To identify potential anti‑fibrotic targets of 7‑OCT beyond established signaling pathways, we conducted a proteomic analysis of TGF‑β1–stimulated HSCs co‑treated with 7‑OCT. This approach revealed modulation of multiple pathways, among which focal adhesion signaling—mediated principally by focal adhesion kinase (FAK)—is known to orchestrate key pathogenic events in liver fibrosis, including HSC activation, migration, survival, and extracellular matrix production58,59,60. Notably, treatment with 7‑OCT led to a reduction in focal adhesion–associated proteins such as vitronectin (VTN), integrin‑linked kinase (ILK), and caveolin‑1 (CAV1).
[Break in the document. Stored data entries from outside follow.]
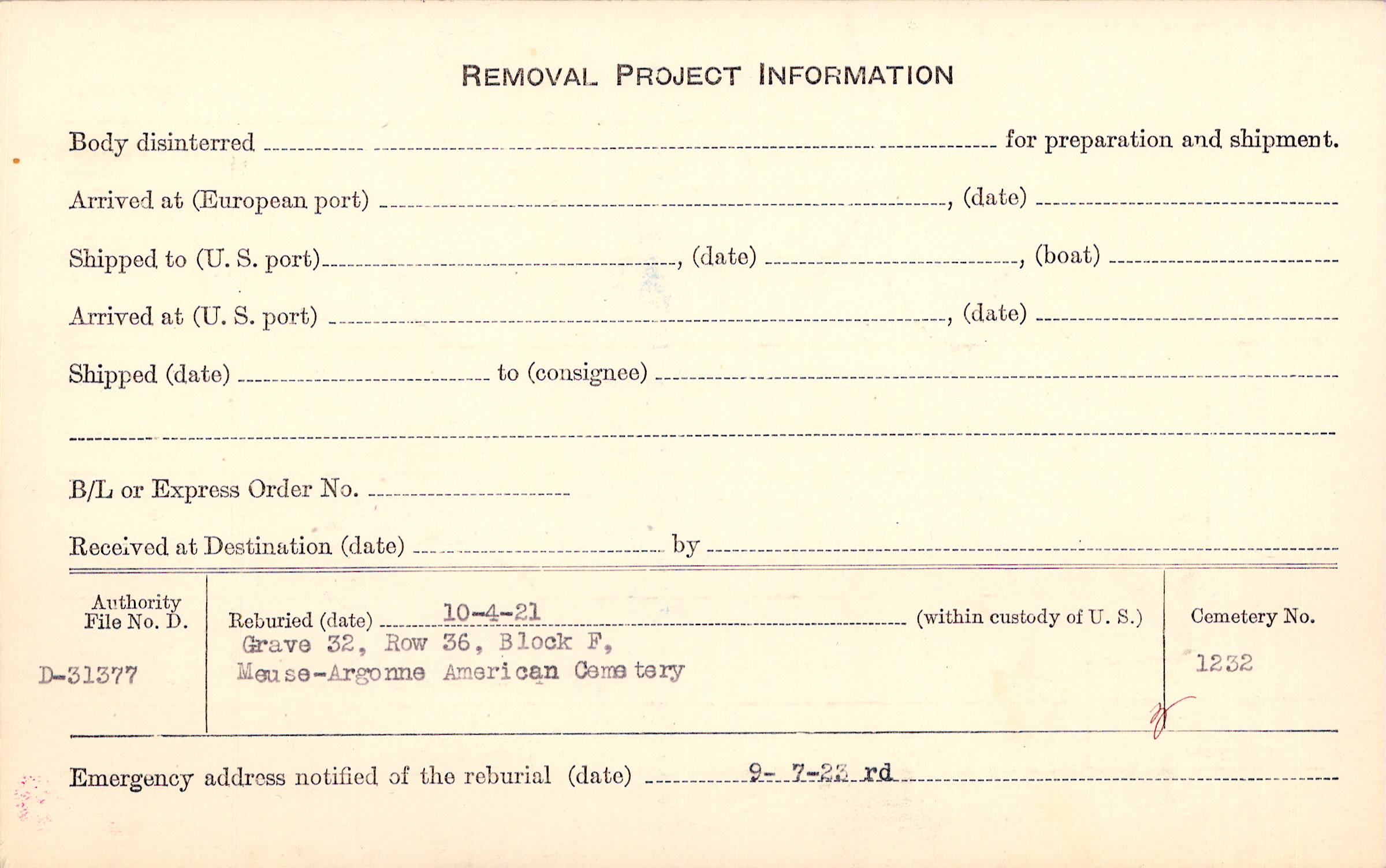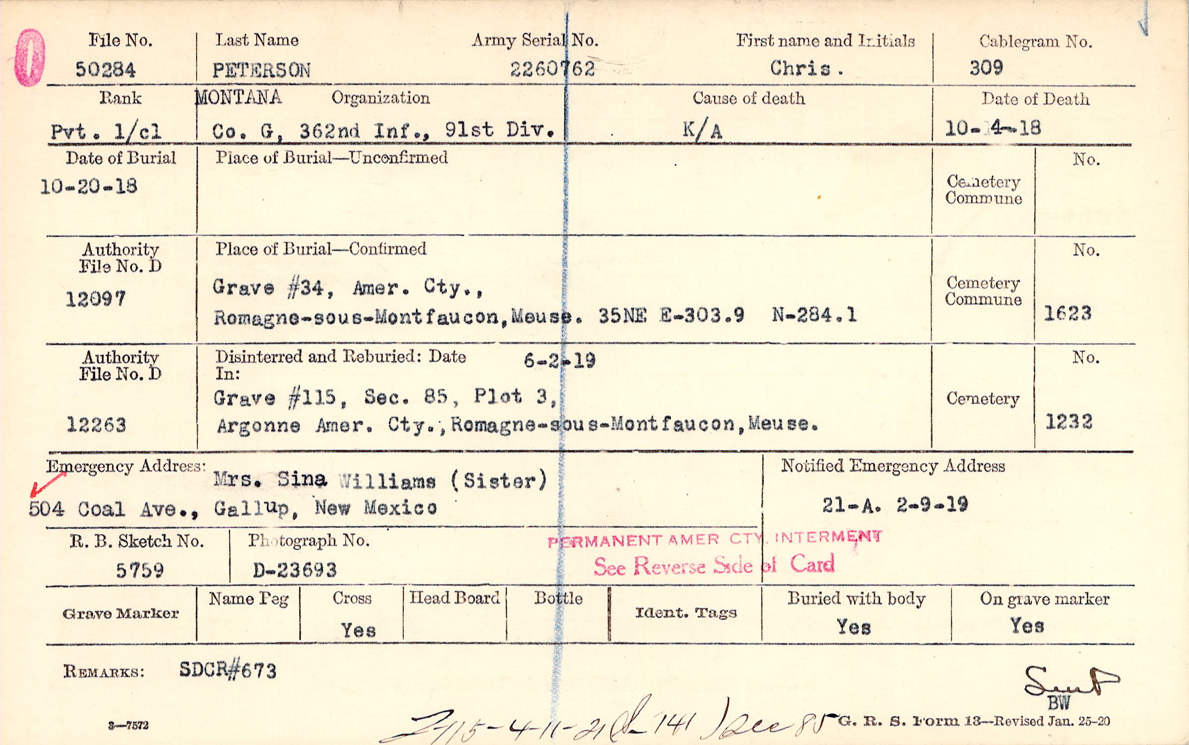 Grave #34, Amer. Cty., Romagne-sous-Montfaucon, Meuse., 35NE
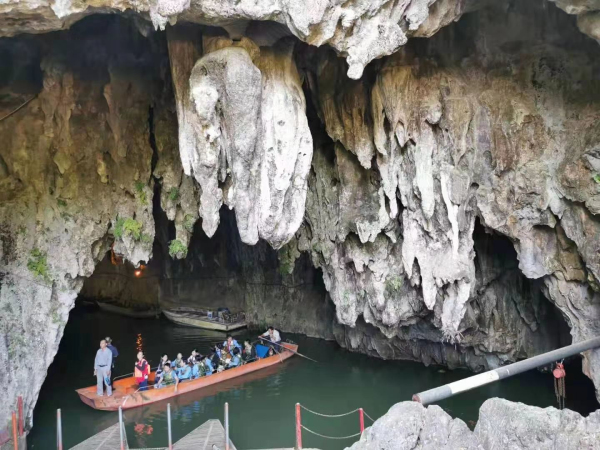 經(jīng)過3個多小時的行程,我們在中午到達此次旅程的第一站【仙橋地下河】。其擁有亞洲第一長地下暗河,享有“華南第一美洞”之美譽,由兩段暗河和一段明河聯(lián)成,全長13公里,目前開發(fā)可游覽3.8公里,是一處非常神秘的自然奇觀。洞中有河,河中有洞,五顏六色的溶洞,千奇百怪的形狀讓小伙伴們紛紛嘆為觀止,感慨大自然的偉大和神奇。
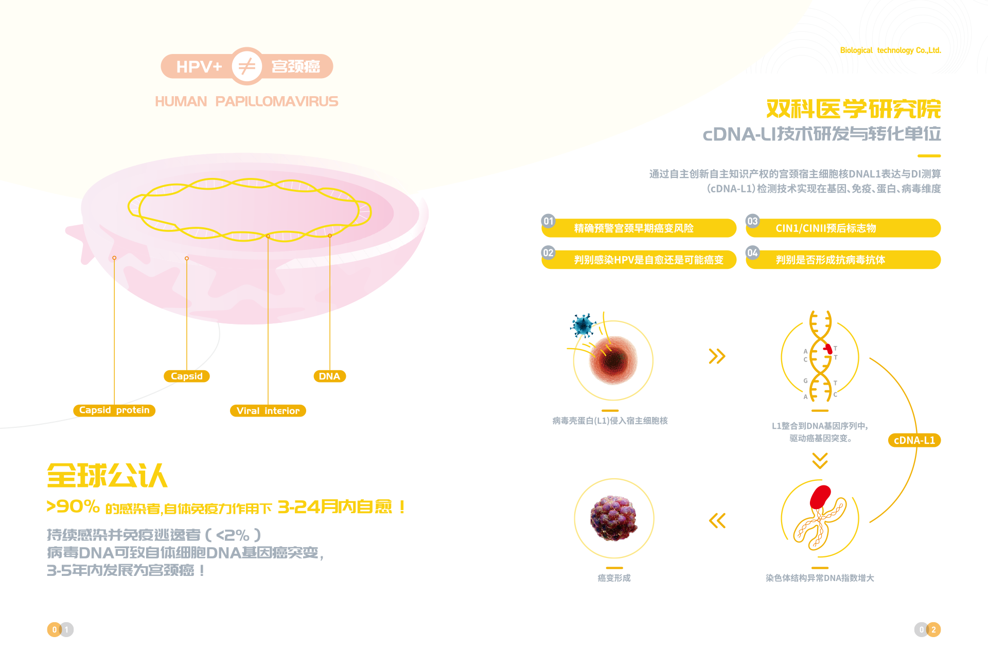 深圳市雙科生物科技有限公司創立于2012年12月12日,是按照國家“十二五”、“十三五”科技創新規劃、《中國防治慢性病中長期規劃(2017-2025年)》與《“健康中國2030”規劃綱要》等政策要求,以“健康中國所系,呵護生命相托”為公司使命,在“十二五”及“十三五”期間公司先后完成技術體系建模與試運行、服務體系構建與運行、腫瘤綜合防控體系建立與實施,在高新生物技術領域,形成了具有完全自主創新與獨立知識產權的常見腫瘤液態活檢技術、體細胞技術、醫學AI技術、宮頸癌預警cDNA-L1技術、腦卒中早期預警MTHFR/MTRR技術 、 N-MDT技術、“防-控`-保”技術等和服務體系。
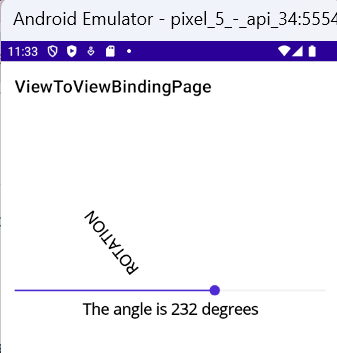 Anda dapat mendefinisikan data binding untuk menghubungkan dua view pada satu halaman yang sama. Caranya adalah menggunakan BindingContext, dan menambahkan x:Reference pada xaml markup. Berikut adalah contoh penggunaan view-toview binding antara label dan slider.

VTN functions as a cell–substrate adhesion molecule, whereas ILK and CAV1 serve as scaffolding proteins that facilitate critical protein–protein interactions during cellular activation61. Quantitative real‑time RT‑PCR confirmed that the mRNA and protein levels of VTN and ILK both declined following 7‑OCT exposure, while CAV1 exhibited an opposing trend (Fig. 6B). Interestingly, the Transwell migration assay (Fig. 6C) revealed that co-treatment with 7-OCT and TGF-β1 markedly reduced the migratory capacity of LX-2 cells. These results support the hypothesis that 7-OCT impairs cell adhesion and motility. Although direct evidence linking VTN and ILK to the progression of liver fibrosis remains sparse, prior studies have demonstrated that CAV1 negatively regulates the TGF‑β/SMAD axis by mediating internalization and degradation of TβRI, thereby attenuating SMAD activation and epithelial‑to‑mesenchymal transition62. The observed upregulation of CAV1 in our system may thus contribute to inhibition of HSC activation under TGF‑β1 challenge via suppression of TGF‑β/SMAD signaling. Further mechanistic studies are necessary to validate the direct role of 7-OCT in modulating CAV1 and its impact on TGF-β/SMAD–driven fibrogenesis. Specifically, an in vitro cell migration assay should be performed to functionally confirm our proteomic and in vivo findings, which showed that 7-OCT significantly decreases proteins in the focal adhesion pathway.

In summary, this study demonstrates that 7‑OCT possesses potential anti‑fibrotic activity by modulating the TGF‑β/SMAD signaling cascade. Our proteomic analysis further revealed several key pathways and candidate target proteins that merit more detailed mechanistic investigation and drug‑development efforts. This includes how the in vitro findings reflect the intricate pathophysiology of liver fibrosis in vivo. In addition, the roles of upstream and downstream effectors within the TGF‑β/SMAD pathway remain to be validated. Moreover, targeted validation assays are critically needed to confirm the reliability of our high‑throughput proteomic data and to verify the binding affinities between 7‑OCT and the candidate proteins identified through in silico docking. While 7-OCT demonstrated anti-fibrotic properties in LX-2 cells, further validation is required to confirm its efficacy across a broader range of hepatic cells. The inclusion of other pivotal fibrogenic cell lines or primary cells in subsequent experiments would provide more robust evidence for its effect. Moreover, this expanded approach would yield deeper insights into the cellular mechanisms governing the response to TGF-β activation. Overall, this work provides valuable insights into the biological activity of 7‑OCT in the context of hepatic fibrosis and establishes a solid foundation for future anti‑fibrotic drug development.